Architectural Assessment

The cleavage line is correct in intent but leaky in execution. Keeping pure evaluators + models + parallelization in uipath-eval and leaving UiPathEvalRuntime / evaluate() in uipath is the right choice — runtime-bound code genuinely needs uipath.runtime, evaluators don't. The uipath.eval.__init__.py re-export pattern preserves BC nicely.

But the extraction is incomplete. uipath_eval.models.evaluation_set still imports from ..mocks._types, and uipath_eval.mocks doesn't exist here — it's still in uipath.eval.mocks. Verified: from uipath_eval.runtime import events fails with ModuleNotFoundError. The package only appears to work because nothing in the public __init__.py import chain hits evaluation_set or runtime/events. The umbrella smoke test passed, but a real downstream consumer of runtime.events or EvaluationItem is broken.

Compounding this: pyproject.toml [tool.mypy.overrides] silences uipath_eval.models.evaluation_set — which is hiding the broken seam from the type checker.

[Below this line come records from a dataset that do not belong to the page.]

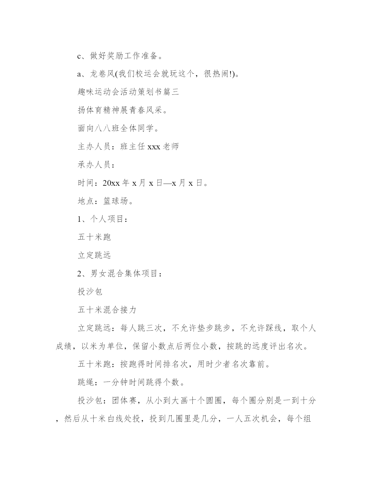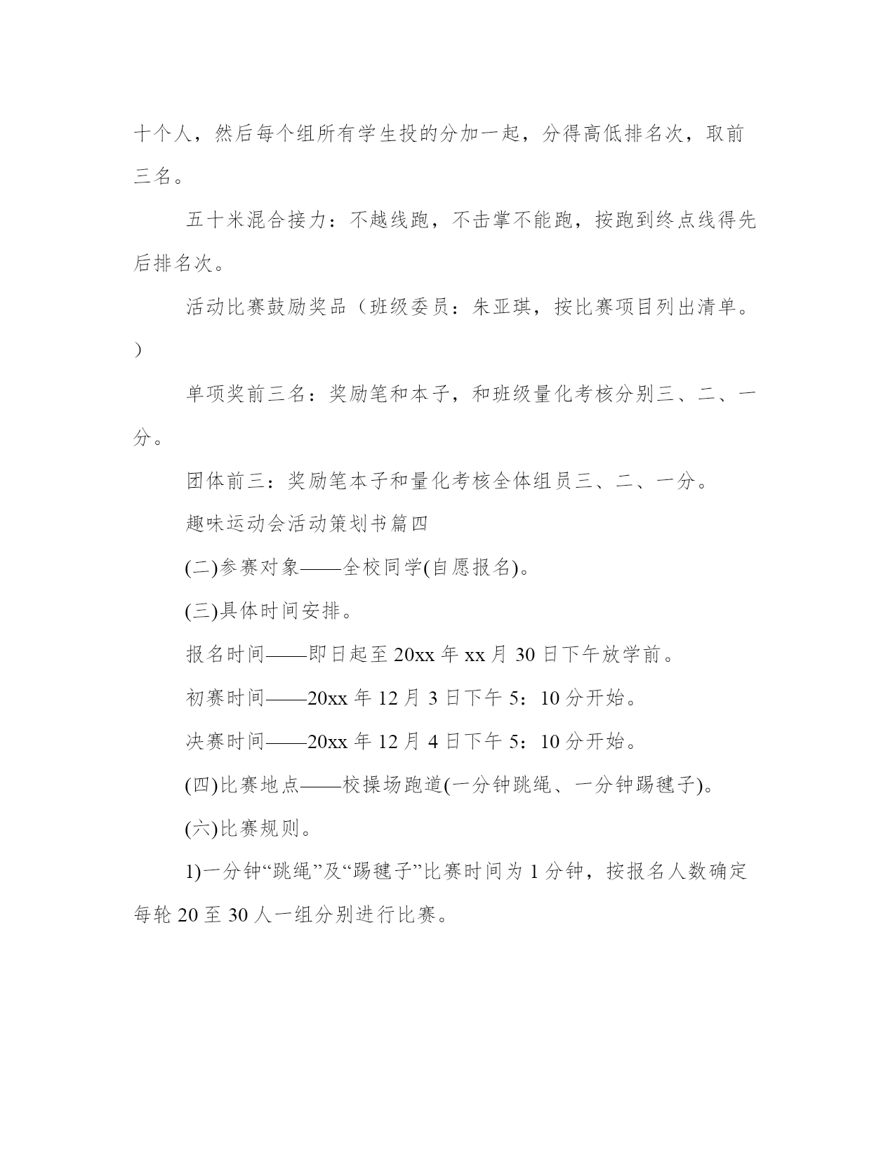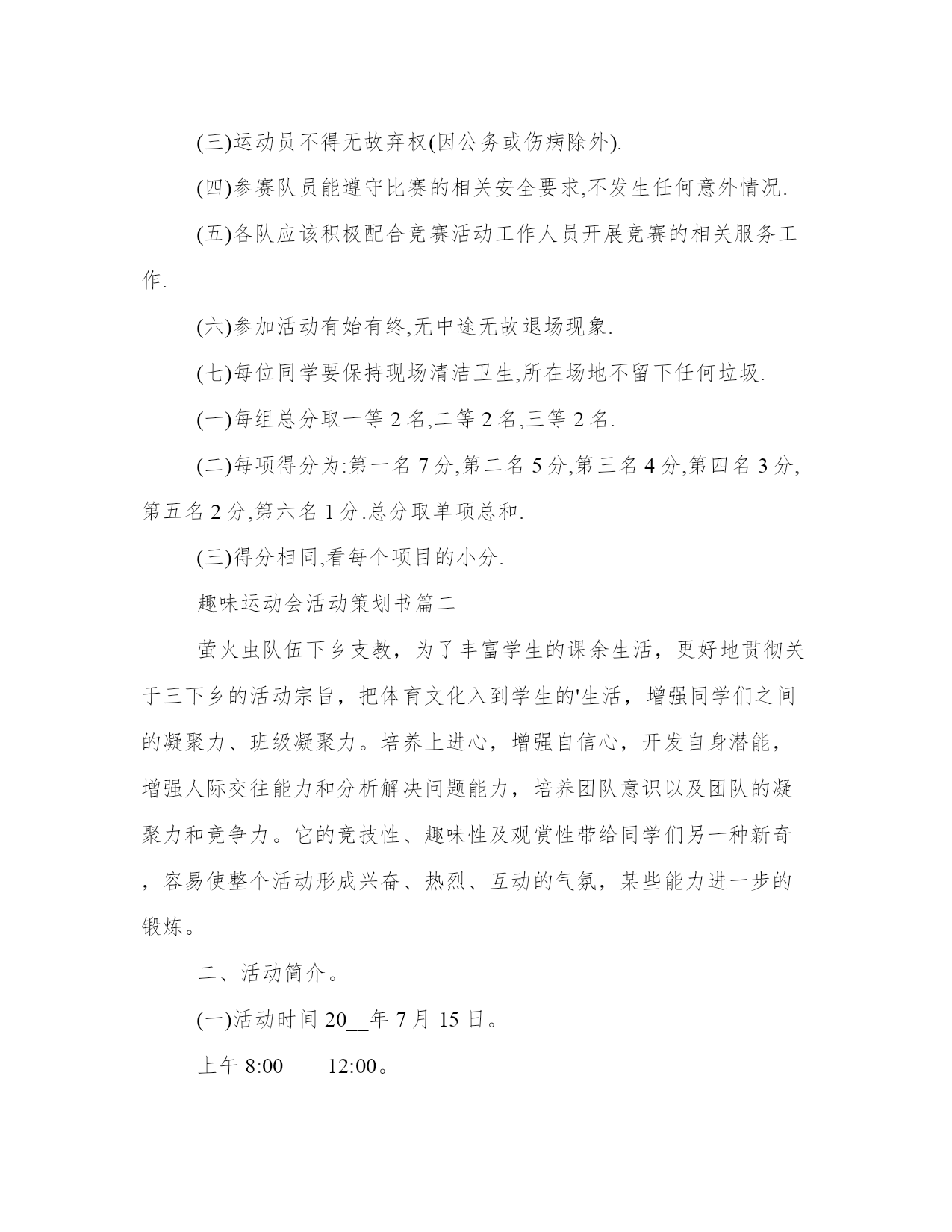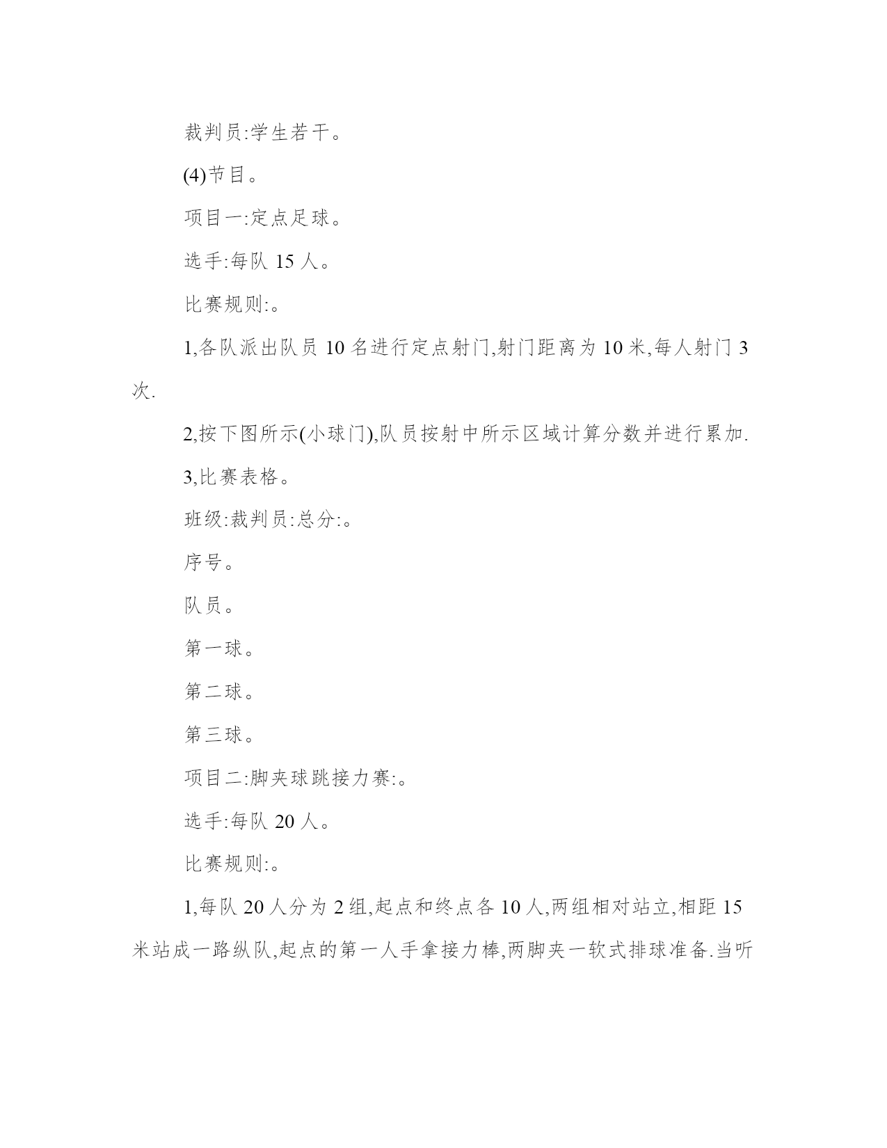趣味运动会活动策划书趣味运动会活动策划(模板12篇)每个人都曾试图在平淡的学习、工作和生活中写一篇文章。写作是培养人的观察、联想、想象、思维和记忆的重要手段。写范文的时候需要注意什么呢?有哪些格式需要注意呢?接下来小编就给大家介绍一下优秀的范文该怎么写,我们一起来看一看吧。趣味运动会活动策划书篇一为丰富高一学生的文化生活,倡导"每天健身一小时,健康生活一辈子",增强学生的身体素质和凝聚力,构建"和美年级段",高一年级段将举办高一年级段第一次趣味运动会,现制定活动方案如下:。顾问:王文斌。主任:林海兵。副主任:方志国(负责安全)李玲芬(负责纪律)杨华(负责后勤)。总裁判长:体育老师金福云。裁判:袁世平蒋珍霞吴霞。1,报名方法,时间:参加比赛的名单在10月8日前报承办班级班主任或负责人。2,分组情况:特色组机械组经济组。1,时间:定于10.14下午班会课,若因天气原因,另通知。2,地点:校内操场。3,场地划分。特色组:a幢前的篮球场地。机械组:国旗台边的排球场地。经济组:c幢前大门口场地。(一),特色组:。(1)参加班级:高一18,6,15,8,9,17。(2)承办班级:高一18。(3)组织机构:。组长:袁世平。副组长:王学军庄晓红郑霄杨爱群杜娟。成员:学生会人员若干。裁判长:袁世平(兼职)。裁判员:学生若干。(4)节目。项目一:爱心速递。(1),比赛人数及分组:每队15名队员。(2),比赛赛制:一场决定胜负,用时最少的队获胜。(3),比赛规则:。a,每个队15名队员依次排开排成一列,间距一臂;。c,当第一名队员站在最后一位并双手持球后视为比赛结束(比赛过程中,第一名队员是不跑动的)。d,在传球过程中,球落地后,须由传球队员捡球后重新传球.(4),比赛纪律:比赛中应绝对服从裁判,以裁判员的`判罚为最终判决.项目二:钉纽扣。1,器械:针线纽扣\布。2,参赛人数:每班十人。3,规则:。(1),比赛采用接力形式进行,每队第一人听到发令后,跑向终点处首先把线穿到针上然后用针线把纽扣钉到布上,要求拿起布,纽扣不掉下来为准,补好以后放回原处,回到起点,第二个接,第三个继续,直到最后一名完成后.(2),要求把钮扣钉成五条直线上,每条直线上四颗钮扣.(3),完成后,拿回钉了十纽扣的布回来,以最快完成,补得最漂亮美观的为胜.(二),机械组:。(1)参加班级:高一4,5,11,12,13,14。(2)承办班级:高一4。(3)组织机构:。组长:蒋珍霞。副组长:仇军曼戴旭华童灵华潘云明郑建明。成员:学生会人员若干。裁判长:蒋珍霞(兼职)。裁判员:学生若干。(4)节目。项目一:定点足球。选手:每队15人。比赛规则:。1,各队派出队员10名进行定点射门,射门距离为10米,每人射门3次.2,按下图所示(小球门),队员按射中所示区域计算分数并进行累加.3,比赛表格。班级:裁判员:总分:。序号。队员。第一球。第二球。第三球。项目二:脚夹球跳接力赛:。选手:每队20人。比赛规则:。1,每队20人分为2组,起点和终点各10人,两组相对站立,相距15米站成一路纵队,起点的第一人手拿接力棒,两脚夹一软式排球准备.当听到信号后,以蛙跳方式跳向本队终点组的第一个人,同伴接棒后,采用同样方式跳向起点第二名队员,重复进行,以各队完成时间多少排定名次.2,必须在比赛的赛道内进行,出赛道加时间2秒一次.3,在跳的过程中,球若掉落,须在原地夹好后再继续跳进,否则判为失败.(三),经济组:。(1)参加班级:高一1,2,3,7,10,16。(2)承办班级:高一2。(3)组织机构:。组长:吴霞。副组长:金平菊汪士林罗海霞王丽华盛慧贞。成员:学生会人员若干。裁判长:吴霞(兼职)。裁判员:学生若干。(4)节目。项目一:双龙戏珠接力赛。选手:每队20人(其中女学生不小于8人)分为两组依次进行。规则:。1,各队分成两大组分别站在东西两侧,每次由两名队员背对背夹着蓝球,听到开始信号后,从起跑线起侧前移动,到达终点线后,在交界区内拿下篮球交给下一组队员(其他队员不能帮忙);以此类推,以最后两人冲过终点线为结束比赛,以时间多少排列最终名次.3,若有用手托(扶)或没有在交界区交接者按每一次犯规加时2秒计入比赛成绩。项目二:连环套。1.比赛人数及分组:每队12名队员(其中女学生不小于6人),分为两组依次进行。2.比赛赛距:场地长约25米,。3.比赛赛制:按照每组最后一个人到达终点的先后按计时取名次。4.比赛规则:。1)每队12人纵队排在线上,每位队员之间相隔2米.第一位队员站在游泳圈内,另外手拿一个泳圈.发令后,第一位迅速将手上的
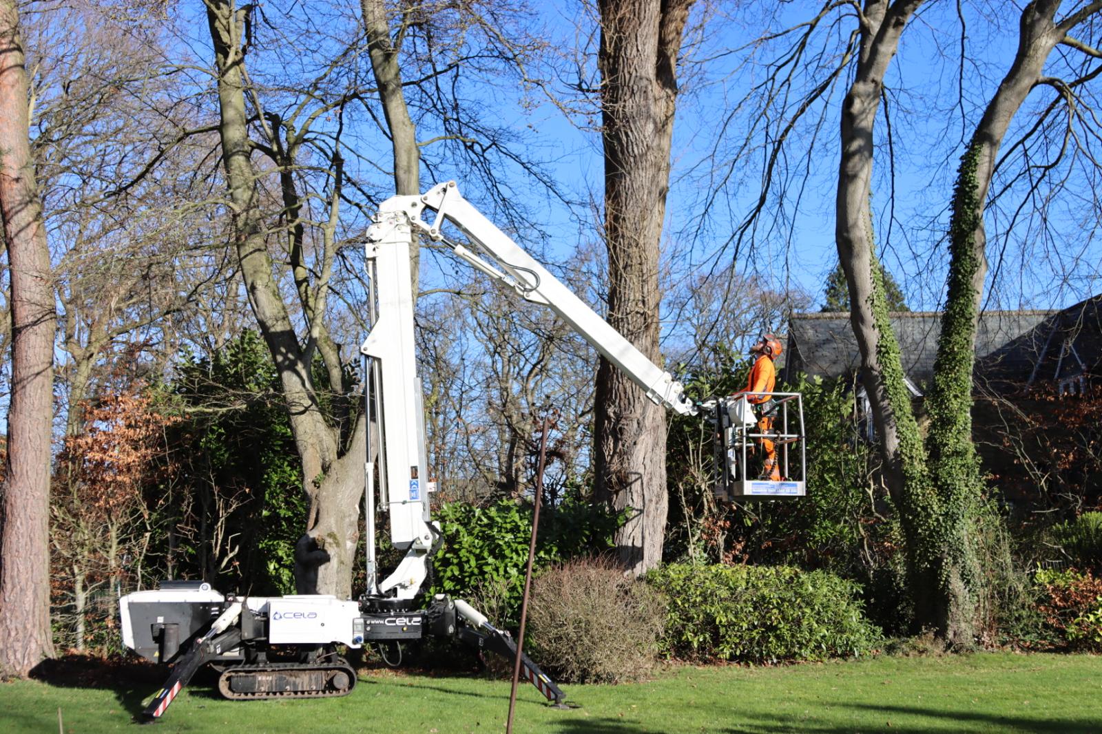 Specialist removal of mature or dangerous trees using rigging systems, cranes, or MEWPs where needed.
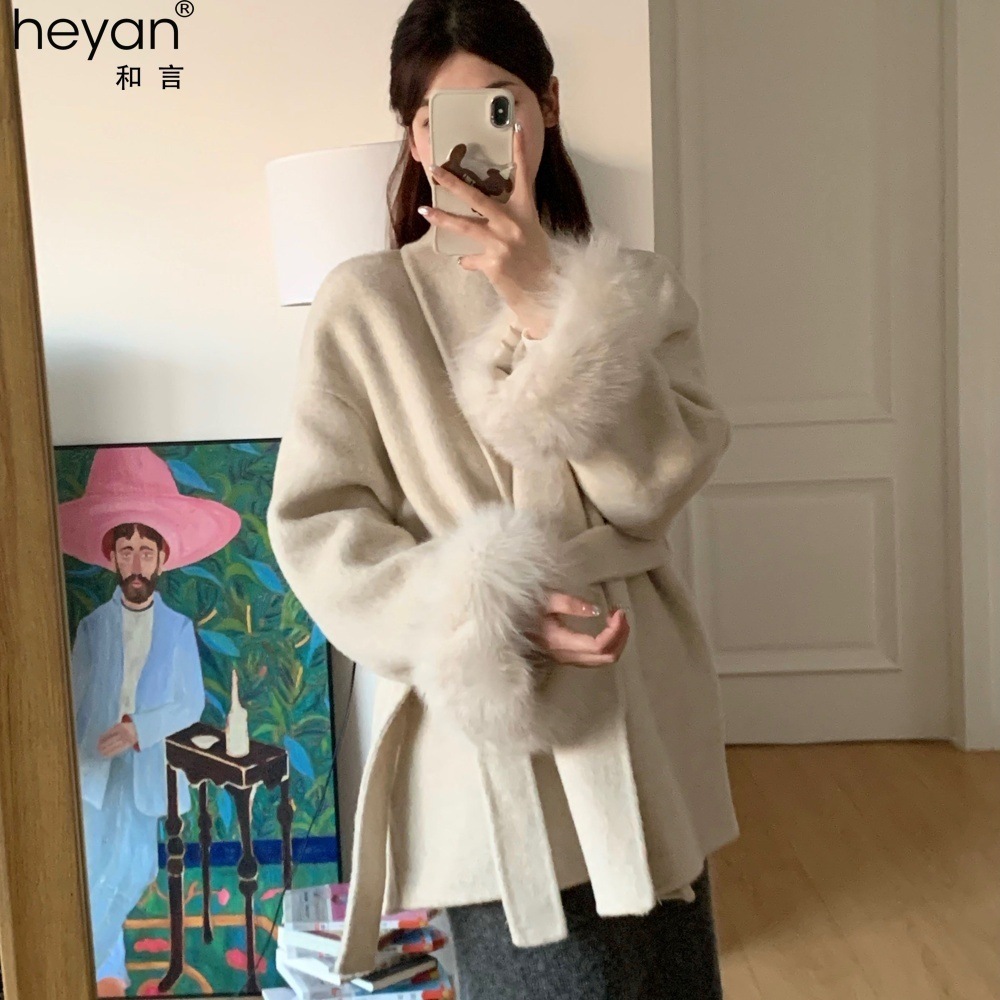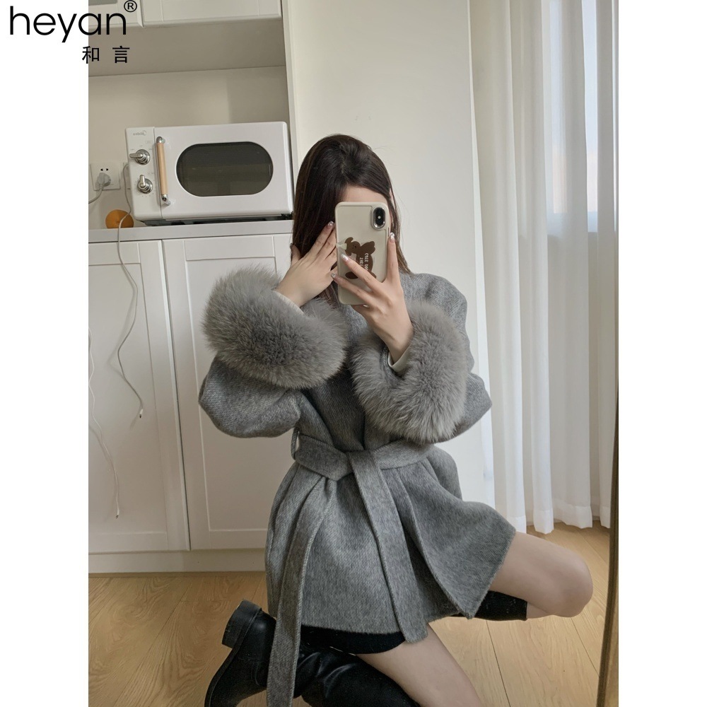 韓国ファッション 人気アウター ウエストマントの毛を取り入れたコート秋冬新作ヘボン風ゆったり着やせグレーのトップス

That's a red flag: configuration papering over structural debt.

The workspace wiring is also incomplete. packages/uipath/pyproject.toml declares `uipath-eval>=0.1.0` but has no `[tool.uv.sources]` editable entry (`uipath-core` and `uipath-platform` do), `packages/uipath/uv.lock` is not updated, and CI masks this with `continue-on-error: true` on `test-uipath`. `uv sync` in `packages/uipath` fails locally today.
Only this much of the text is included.